Summing the frequencies of unique words, not DUPLICATES

I did not get why don’t we sum the frequencies of duplicates. Imagine we have this kind of sentence: “I am not happy. He is not okay” Let’s say the words “I” “am” “He” “is” “okay” are neutral words and “happy” ‘s positive frequency is “3” and negative frequency is “0”.On the other hand, “not”’ s positive frequency is “0” and negative frequency is “3”.

So, if we don’t sum the frequencies of duplicates, this sentence’s sum of positive frequency will be 3 and sum of negative frequency will be 3. From this statistics we say that this sentence is neutral(since positive and negative frequencies are the same).

But if we sum the frequencies of duplicates, this sentence’s sum of positive frequency will be 3 and sum of negative frequency will be 6. In that case we will say the sentence is negative.

From my point of view, the second case is right. Having same negative word two times has to increase the probability of being negative. But if we don’t sum duplicates we will miss the negativity case.
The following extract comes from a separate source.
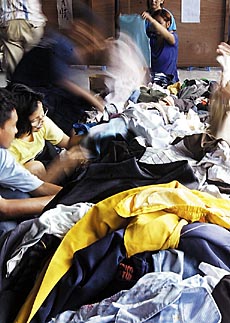 | ▲1月12日,从班达亚齐、美拉务等地逃出的华人难民,在棉兰“美达村”华人救济站分领捐赠的衣物。 |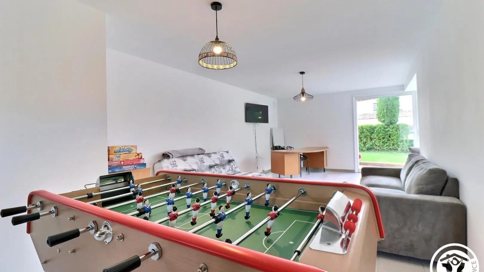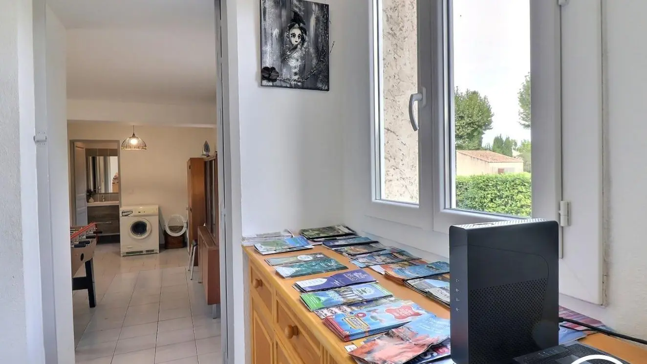 - Un segundo salón con amplio escritorio, sala de estar con sofá y TV de pantalla plana, futbolín, lavadora y secadora.

Is there a solid reason not to sum duplicates?

Hi Nurlan_Imanov1,

If you continue with the videos you will see that a word vector will be created that does include counts of the number of times a word appears in a positive or negative sentence.

Hi reinoudbosch, thank you for answering.
But why exactly in this part they didn’t count the duplicated ones? I am wondering about the reason behind it.

I think the idea is to keep things simple at first and then increase complexity in subsequent videos. The price to pay is that it may cause some confusion.

1 Like

Okay Thanks a lot for answers.